Don’t misunderstand this to suggest all of my self esteem is caught up in the physical because it is not. All it takes is a look in the mirror to confirm that but it doesn’t mean that the competitive fire that burns inside my belly has been extinguished or that I can’t be proud of that.

Nor does it mean that I think I can beat every 17 year-old kid I encounter but it is nice to know that for a moment in time I still have it, whatever it is.

Been working with  or maybe through a few things the past month or so.

You see I got laid off and have been in the process of transitioning to the next rung on the Steiner career ladder.

The firm thanked me for my work, shook my hand and told me to use them as a reference and reminded me to join the LinkedIn alumni group.

I was a contract employee so I can’t say it came from out of the blue.
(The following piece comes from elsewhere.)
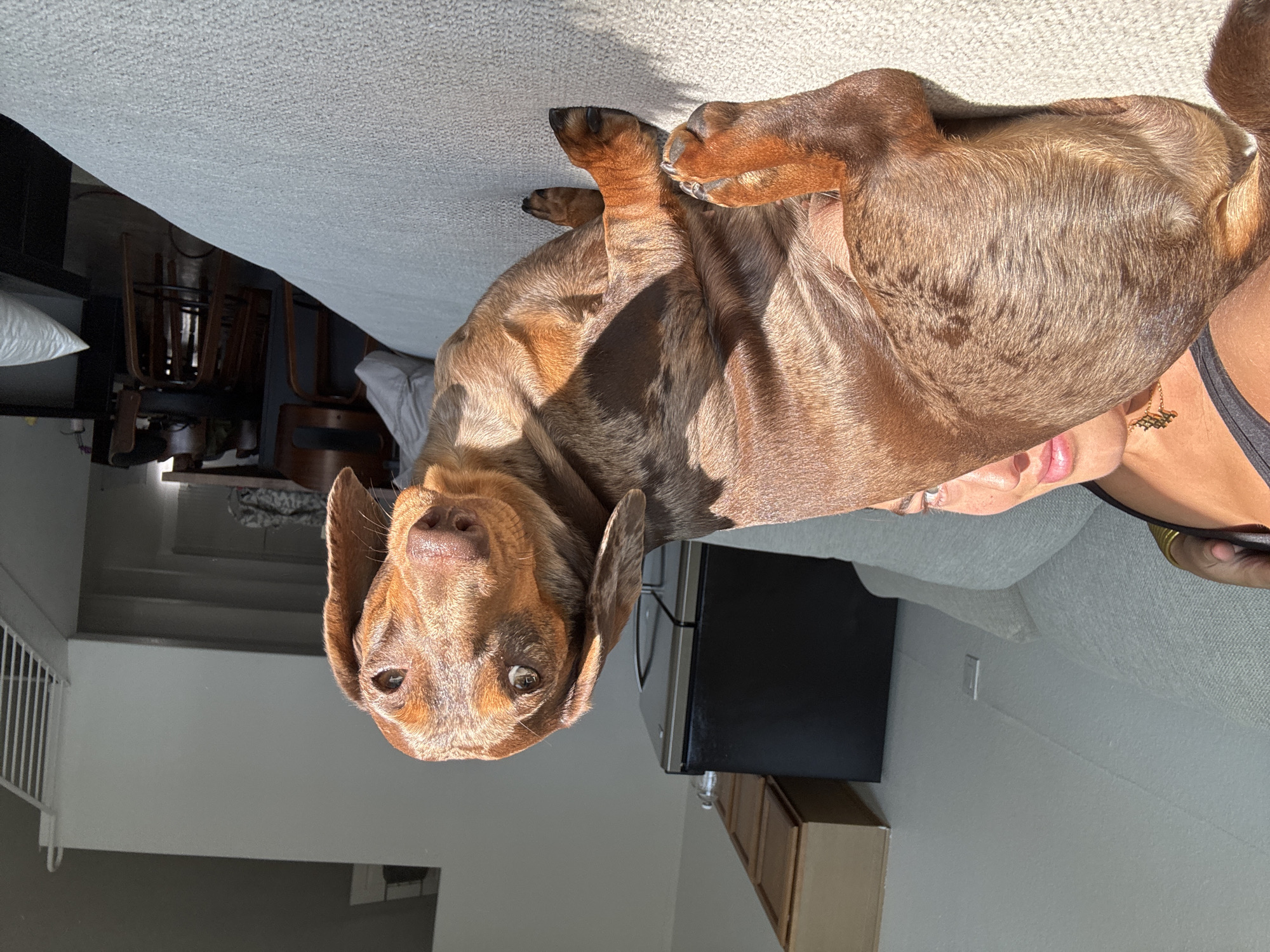 The image depicts an indoor residential scene in San Diego, United States of America. A dapple-patterned dachshund, predominantly reddish-brown with lighter tan and grey patches, is seated upright on a light grey textured sofa, facing directly towards the viewer. Its eyes are open and reflect ambient light. Intense natural sunlight strikes the dog's left flank and the sofa surface, creating distinct highlights and shadows. To the immediate left of the dog, the upper torso and head of a person are partially visible, lying on the sofa. The person wears a dark-colored strap garment and a gold-toned necklace with a geometric pendant. A gold-toned bangle is visible on their left wrist. Their lips appear pink. The background reveals a modern living space with light-colored walls. On the left side of the frame, a dark-colored refrigerator, a silver-toned appliance, and light brown wooden wall cabinets are visible, indicating an adjacent kitchen area. A white light switch is mounted on the wall above the sofa. On the right side of the background, a white staircase with white railings ascends, suggesting a multi-level dwelling. Below the staircase, a dark counter or table with several dark wooden bar stools is present. A white pillow rests on a dark furniture piece in the far right background.

I knew that there was a chance they wouldn’t convert me and that I might be on the market again, but I hoped it wouldn’t happen for a while.

Dad’s A Free Agent…Again

After I got the news I called my dad and suggested we get lunch.  We grabbed a few sandwiches and just before he gave me his fatherly advice I told him I wanted something better this time around.
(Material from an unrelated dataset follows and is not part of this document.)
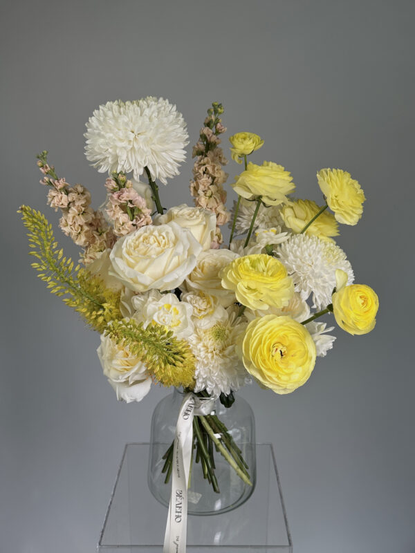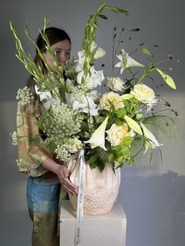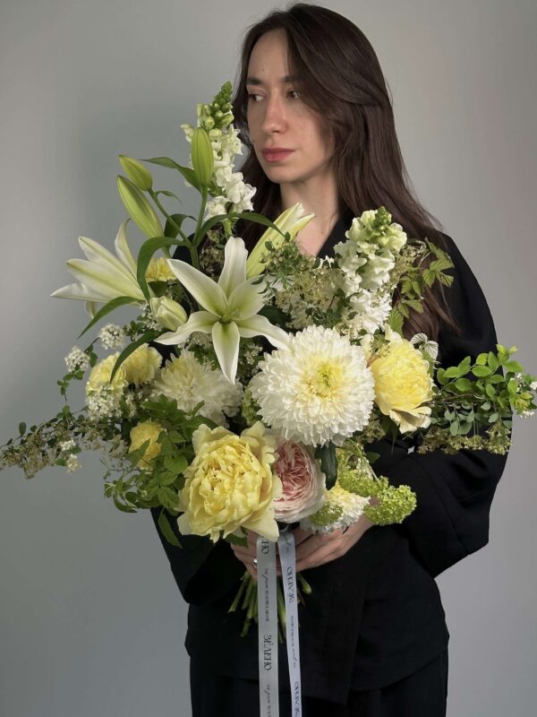 | В составе | Калла ,Краспедия ,Леувенбек ,Лилия ,Молюцелла ,Орнитогалум ,Пион ,Роза пионовидная ,Хризантема |

He laughed and told me not to sweat it.

“Things aren’t like they were when I was your age. So you lost your job, you’ll get another.”

“Dad, you are getting soft in your old age. The guy who raised me would have told me to take a hard look at myself and figure out if I shared any responsibility for what happened. ”
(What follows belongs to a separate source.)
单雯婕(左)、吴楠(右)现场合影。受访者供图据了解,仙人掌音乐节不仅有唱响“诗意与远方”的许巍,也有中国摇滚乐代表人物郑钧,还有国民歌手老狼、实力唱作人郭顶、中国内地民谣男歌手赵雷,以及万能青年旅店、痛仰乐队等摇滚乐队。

He nodded again and laughed.

“Shit happens and it is not always logical, reasonable or related to you. You know that. I have faith in you, you’ll figure it out.”

I do which is why I didn’t argue or pursue that avenue any further. Wasn’t anything to be gained by complaining so we talked about the grandchildren and I told him I was going to try to move back to Texas.

“Cost of living is a lot less than here. LA will always be home but I need to make some changes.”

He nodded his head and told me it made sense.

Rolling With The Punches

Most days I am relatively relaxed about the change in status. Part of it is because I have complete faith that I will find something sooner than later and that it is going to be better than what I had.

Ask me to explain why I believe it and I’ll tell you it is based upon my skill set, work experience and experience but the truth is the real source of this is a gut feeling.

Gut feelings used to make me a bit nervous because I liked to rely upon what I could taste, touch and feel but this time around I have a different approach and attitude.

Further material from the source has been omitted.